Говоря об ответных проекциях российских интеллектуалов, не стоит забывать, что славянофилы жили при режиме Николая I, когда культурная критика оставалась практически единственным жанром социального анализа, не приводившим автоматически к политическим репрессиям. Поэтому и оппоненты славянофилов, не соглашавшиеся с разными аспектами их доктрины, по сути, были лишены выбора и вынужденно принимали славянофильские пространственно-культурные метафоры и язык культурной критики, который часто не соответствовал характеру волновавших их проблем (если речь шла, например, о политических институтах или клерикализме в политике). Они выступали от лица абстрактного «Запада» и избегали прямых противопоставлений «Европы» — России, или «славянства» — остальным народам. Такая позиция позволяла избежать прямого обсуждения российских реалий и подчеркнуть аналитический, а не политический характер критики. Это важное различие будет забыто уже в ХХ веке, когда «Запад» обретет статус якобы реально существующей геополитической формации, проводящей единую внешнюю политику и имеющей унифицированные экономические интересы. В таком качестве «Запад» противопоставлялся «Восточному блоку».

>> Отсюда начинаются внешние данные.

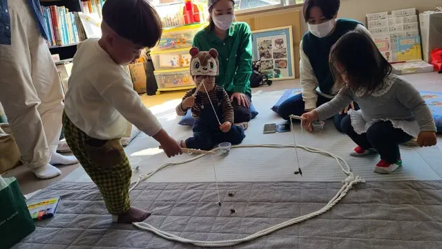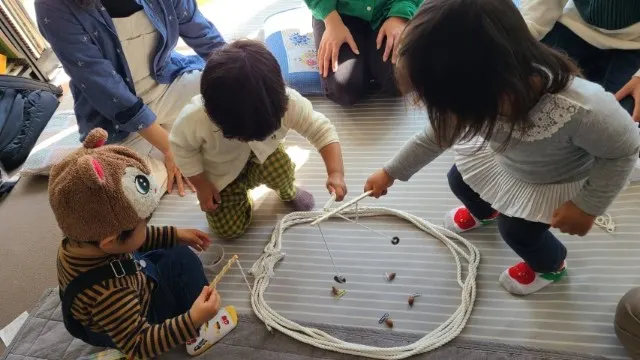 たくさんの絵本に親しんだあと、お池でどんぐり釣りをしました。最初は小さな池からだんだんと大きな池になり、3人の2歳児たちは夢中で釣っていました一番大きな池になると、池の中に入って釣り始めましたよ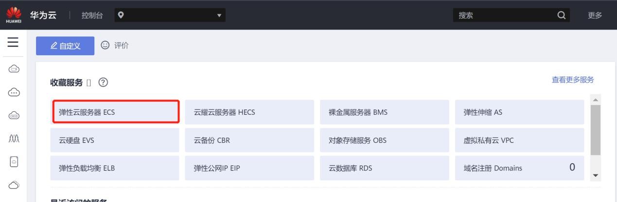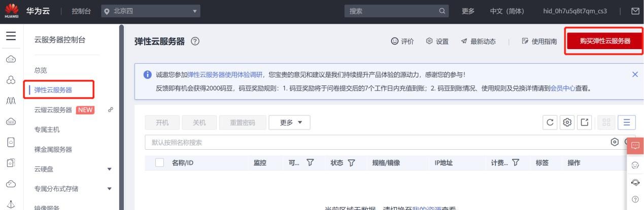 点击界面左侧的“弹性云服务器”,再点右侧“购买弹性云服务器”: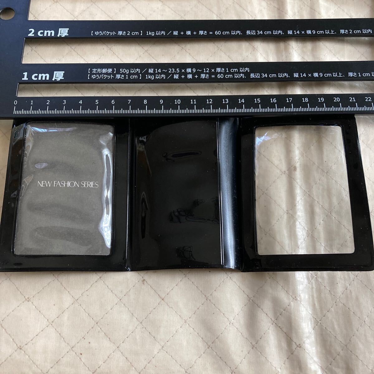 黒 で3つ折 、ビニール製 です。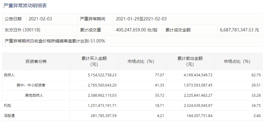 深交所盘后数据披露,东方日升1月29日至2月3日的严重异常波动期间,机构买入12.5亿元并卖出23.2亿元,深股通买入2.8亿元并卖出1.6亿元。
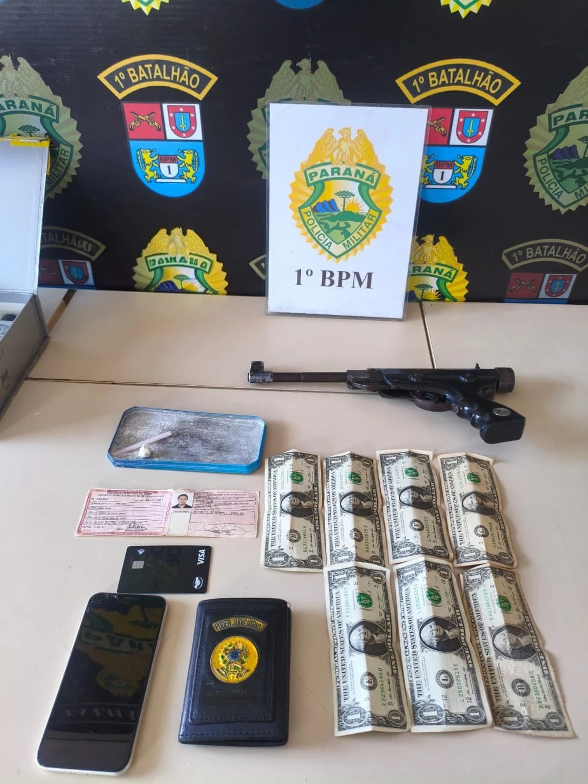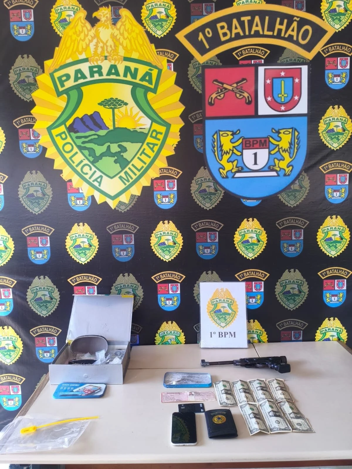 No local, os policiais abordaram dois homens que estavam em um veículo Citroën branco. Durante a revista, foi localizada uma arma de fabricação artesanal, além de pequenas quantidades de substâncias análogas ao crack e à cocaína.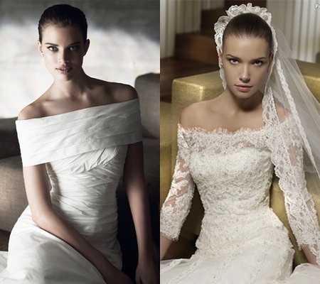 Ngoài những kiểu cổ thuyền với độ rộng - sâu vừa phải mang lại vẻ kín đáo cho người mặc, kiểu cổ thuyền trễ nãi như muốn “tuột” khỏi bờ vai rất khêu gợi, giúp cô dâu khoe trọn bờ vai thon thả và vòng một quyến rũ. Vẻ gợi cảm, ngọt ngào là điều mà chiếc váy cưới cổ thuyền trễ nãi mang lại.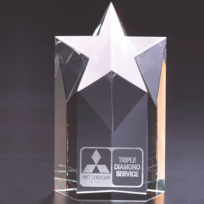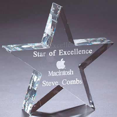 | CR 210 Optical Cut Crystal 4" Star Engraveable area 1 1/2" Ht., 3" width, bottom 2" |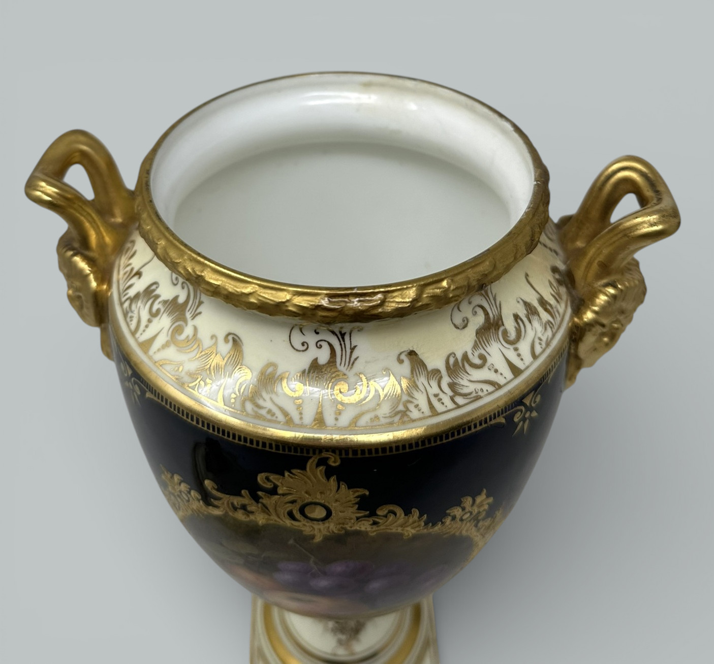 682. Antique Pair Coalport Painted Vases Urn Frederick Chivers Still Life Fruits 1910 (Copy)

По сравнению со славянофилами, западники представляли собой гораздо более многочисленную и разнообразную группу, включавшую как принципиальных оппонентов славянофилов, так и значительное число членов российского имперского образованного общества, которые просто не считали необходимым подвергать сомнению общие европейские корни своей культуры. Реагируя на программу, сформулированную славянофилами, западники полемически защищали противоположные позиции, даже если видели возможности более тонкого подхода. Они отрицали фундаментальное отличие России от «Европы» и настаивали на общности их исторического пути, что во многом предопределяло занимаемую ими позицию по самым разным вопросам — политическим, этическим и даже научным. Быть западником, скорее всего, означало поддержку реформ по «европейскому» образцу, одобрение преобразований Петра I и приверженность эволюционому мировоззрению.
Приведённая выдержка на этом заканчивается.